The RIF

I read this excerpt from a much longer story at my graduate reading at  Vermont College of Fine Arts in July of 2019.  The entire story was later published as a chapbook by Blue Cubicle Press.

Saturday

Dietrich’s plate is full. Actually, it’s overflowing. He’s got juice from the baked beans running into the coleslaw and off the plate. The chicken wings are sitting on top of the potato salad, and two ribs have bailed out and tumbled onto the table. It’s the annual employee picnic at the CEO’s favorite country club, and he’s trying to make the most of it. I’m nursing a warm, watery gin and tonic, feeling my hangover coming on in the heat, and I’m late for my daughter’s dance recital.

“It will probably be Thursday,” he says.
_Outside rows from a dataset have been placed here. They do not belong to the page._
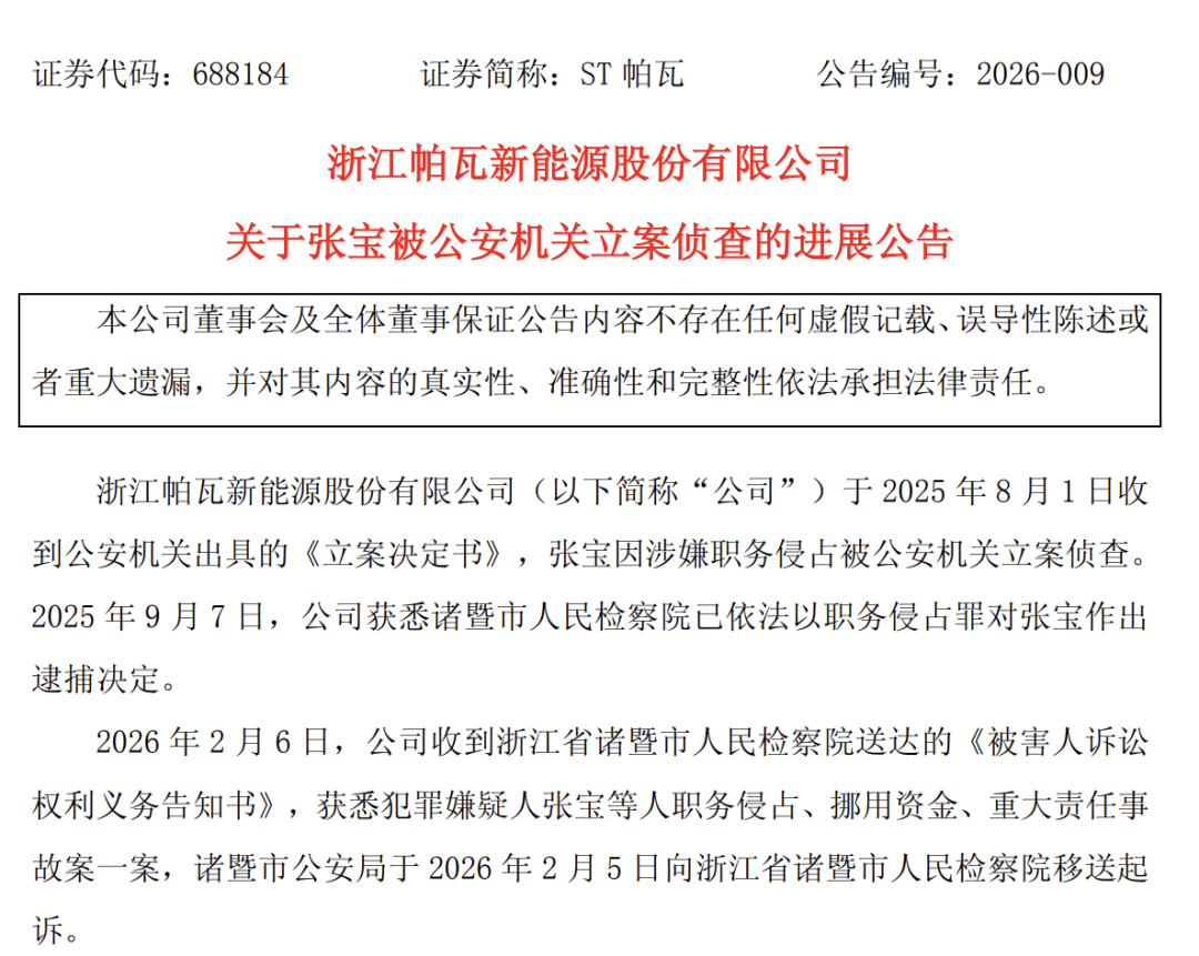 2月6日晚间,ST帕瓦(688184.SH)公告称,公司于当日收到浙江省诸暨市人民检察院(下称“诸暨检察院”)送达的《被害人诉讼权利义务告知书》,获悉犯罪嫌疑人张宝等人职务侵占、挪用资金、重大责任事故案一案,诸暨市公安局于2月5日向诸暨检察院移送起诉。
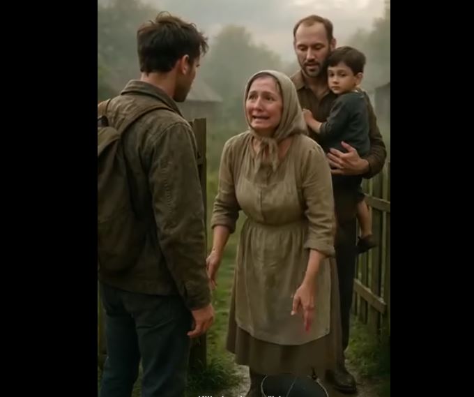 Stajala je u bašti, sa maramom na glavi, držeći kantu vode. Kada ga je spazila, kanta joj je ispala iz ruke i razlila se po zemlji. Gledali su se nekoliko sekundi — duga, teška tišina između njih. Onda je izgovorila, gotovo bez glasa:
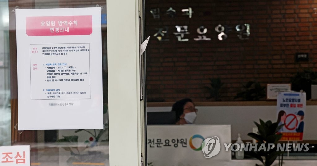 | ▲ 접촉면회 중단 안내문 붙은 요양원 [연합뉴스 자료사진] |

He bites into an uncut gherkin and the juice squirts across the table onto my plate. There’s a smudge from the potato salad on the corner of his drooping mustache. “The personnel files when to legal yesterday.” I ask him why. He shoves the severed end of the pickle in his mouth and mashes down on it as his eyes dart over my face and the sun glares off his sweaty bald head. We’re supposed to be peers, but he’s a well-connected bottom feeder, the kind that always carries a clipboard. I don’t trust this motherfucker and he knows it.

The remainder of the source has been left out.